▶ YOUR ASSIGNMENT:
Print the listing below a second time, exactly, and omit its images.

START RAW DATA

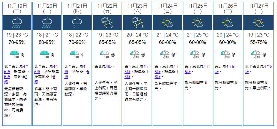 香港地區未來9天天氣預報。香港天文台截圖 本港地區今日(19日)天氣預測:天氣顯著較涼。多雲,有幾陣雨,雨勢有時較為頻密。日間氣溫徘徊在20℃左右。吹和緩至清勁北至東北風,離岸及高地間中吹強風。海有湧浪。 未來天氣展望:明日(20日)間中有雨,天氣仍然較涼。星期四(21日)風勢緩和。本週後期天色較為明朗,日間氣溫稍為回升。(完) 【編輯:豐悅】
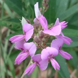 先月草刈りをされたと思っていたけど、小さいながらアレチヌスビトハギが花を咲かせていました‼️ 目のような黄緑色の2つの斑紋が特徴です。 もう少しするとどこにでも見られますが、初物は嬉しいですね❣️
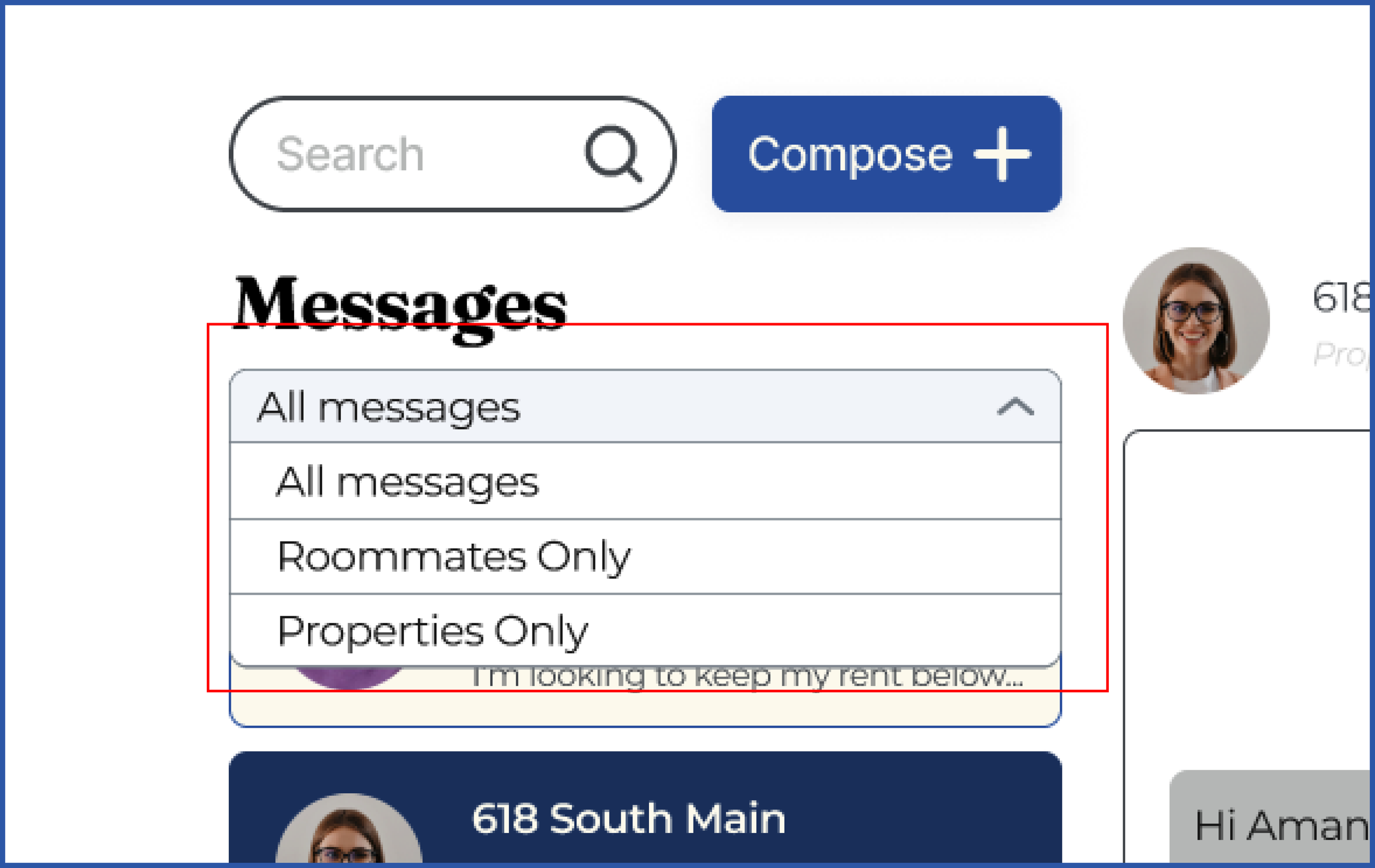 We created a dropdown to organize the messages, creating easier to navigation. This aligns with heuristic principles such as Error Prevention and Flexibility & Efficiency of Use (Nielsen Norman Group)

END RAW DATA

▶ EXERCISE ANSWER:
 香港地區未來9天天氣預報。香港天文台截圖 本港地區今日(19日)天氣預測:天氣顯著較涼。多雲,有幾陣雨,雨勢有時較為頻密。日間氣溫徘徊在20℃左右。吹和緩至清勁北至東北風,離岸及高地間中吹強風。海有湧浪。 未來天氣展望:明日(20日)間中有雨,天氣仍然較涼。星期四(21日)風勢緩和。本週後期天色較為明朗,日間氣溫稍為回升。(完) 【編輯:豐悅】
 先月草刈りをされたと思っていたけど、小さいながらアレチヌスビトハギが花を咲かせていました‼️ 目のような黄緑色の2つの斑紋が特徴です。 もう少しするとどこにでも見られますが、初物は嬉しいですね❣️
 We created a dropdown to organize the messages, creating easier to navigation. This aligns with heuristic principles such as Error Prevention and Flexibility & Efficiency of Use (Nielsen Norman Group)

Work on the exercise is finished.